The mean proportion of pupation exceeded 0.95 in all substrates, but there were significant differences in pupation as a function of the type of substrate used after controlling for block effects (F 4, 68 = 3.91, p = 0.0064). The highest proportions of pupation were observed with the three types of cellulose and the lowest with sawdust and fine wheat bran (Figure 2a), but a significant difference was only detected between cellulose I and fine wheat bran (t = 3.01, p = 0.0291; Supplementary Materials File S2). The weight of 11-day-old female pupae did not differ significantly according to the type of pupation substrate used (F 4, 68 = 1.57, p = 0.1935), and the mean pupal weight was more than 9 mg in all cases (Figure 2b). The proportion of female emergence (F 4, 68 = 2.8, p = 0.0325, Figure 2c) and female fliers (F 4, 68 = 4.18, p = 0.0044, Figure 2d) differed significantly as a function of the type of pupation substrate used, following a similar trend, with the highest mean proportions observed in larvae that pupated in sawdust, followed by cellulose III and cellulose II, whereas the lowest proportions were observed in fine wheat bran and cellulose I. However, the only significant difference in the proportion of female emergence and female fliers was observed between cellulose I and sawdust (female emergence: t = 2.93, p = 0.0356; female fliers: t = 3.61, p = 0.0051; Supplementary Materials File S2).
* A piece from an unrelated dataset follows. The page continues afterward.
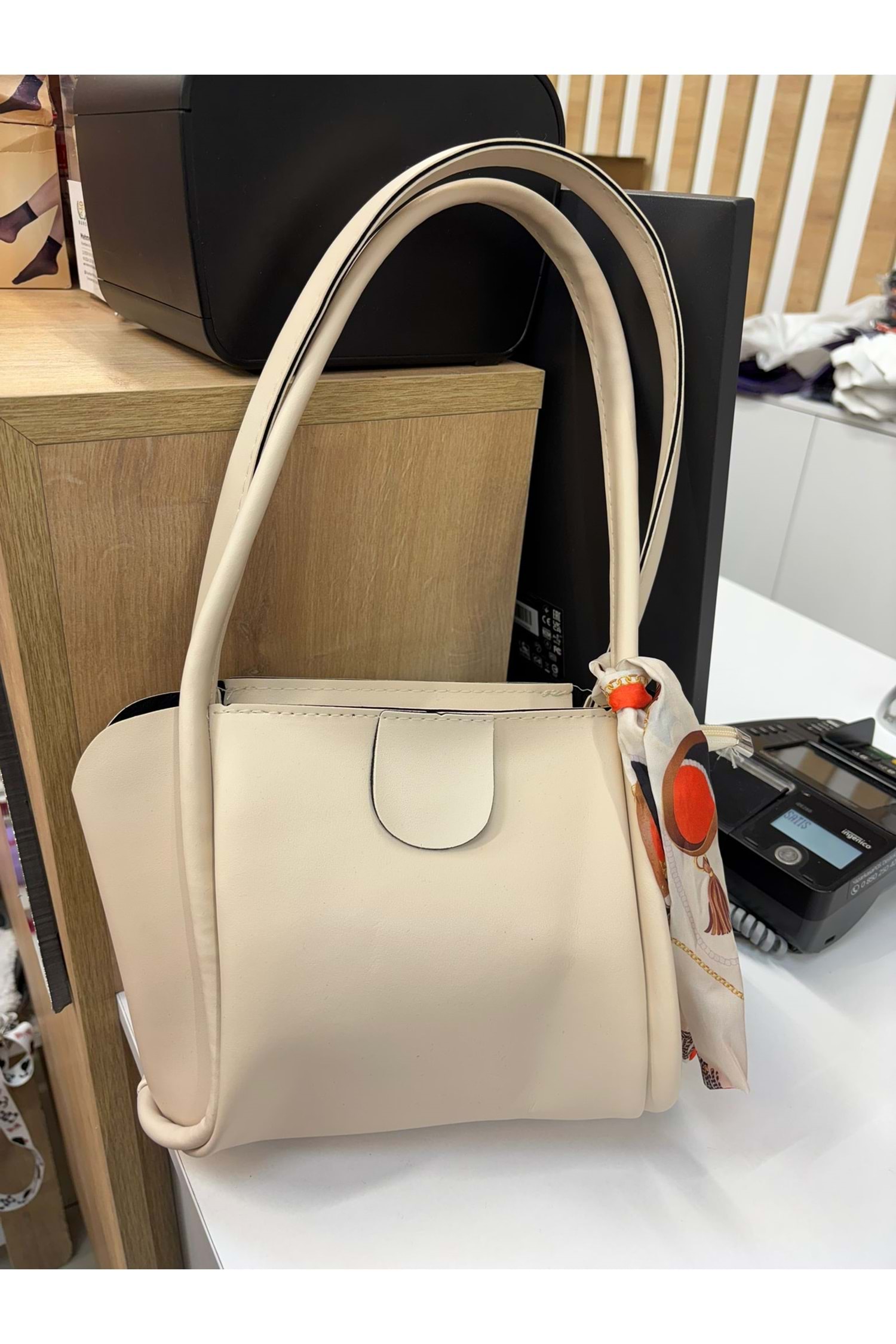 Uzun Kulplu Fularlı Çanta 1739 - Bej - TEK BEDEN

3.3. Estimation of Quantities of Larvae and Costs of Substrates Required to Produce One Million Pupae

The lowest number of larvae for the production of one million pupae was estimated for celluloses I, II and III, whereas the highest was estimated for coconut fiber (Table 2). The number of larvae estimated to produce one million pupae in fine wheat bran was higher than in celluloses I, II and III, and sawdust, but lower than in vermiculite and coconut fiber (Table 2). Cellulose I was by far the most economical substrate for producing one million pupae of C. capitata VIENNA 8 GSS, followed by coconut fiber and sawdust with a cost of more than double that of cellulose I (Table 2). Cellulose III was more economical to produce one million pupae than fine wheat bran, vermiculite, and cellulose II (Table 2), but was more expensive than sawdust (Table 2). Cellulose II was the most expensive substrate to produce one million pupae (Table 2).

4. Discussion

Although mass rearing of fruit flies and particularly of C. capitata has a long and illustrious history in more than 10 countries around the world [8,9,22], there are still ways that rearing protocols of this species can be improved. It was clear from our results that the type of substrate and the substrate to larvae ratio are critical factors that affected the pupation and quality of a reproductive colony of C. capitata VIENNA 8 GSS (Figure 1 and Figure 2). The positive effects of substrate volume on pupation (Figure 1a), reflect the fact that pupation is when metamorphosis takes place, which is the most energy demanding process in the life cycle of holometabolous insects [40,41,42]. The stress and energetic investment of a larva that is unable to naturally bury itself in substrate to pupate may be high which could potentially disrupt pupation. In fact, the metabolic heat of wandering larvae while moving around in search of an adequate pupation site can reduce the quality of pupae of mass-reared C. capitata [21]. Having a pupation substrate that produces a high proportion of pupation with the smallest quantity of substrate is highly attractive in a mass-rearing context to save resources, reduce pupation waste, and facilitate daily handling of pupation materials. With this in mind, we note that even relatively low volumes of cellulose substrates produced the highest pupation of a reproductive colony of the C. capitata VIENNA 8 GSS compared to other substrates, including the fine wheat bran that is currently used in the Moscamed facility (Figure 1a and Figure 2a). Fine wheat bran was the second most economical substrate per kg (Table 1), but cellulose I, coconut fiber, sawdust and cellulose III were estimated to be more economical than fine wheat bran for the production of one million pupae (Table 2). In part, this was because the celluloses, coconut fiber and sawdust had lower densities than fine wheat bran (Table 1) allowing a reduction in the weight of substrate used and associated cost (Table 2). In what follows, we will discuss our findings and relate them to previous published studies on the topic, which are surprisingly scant given the economic relevance of pupal well-being in mass-rearing facilities of sterile insects for SIT applications.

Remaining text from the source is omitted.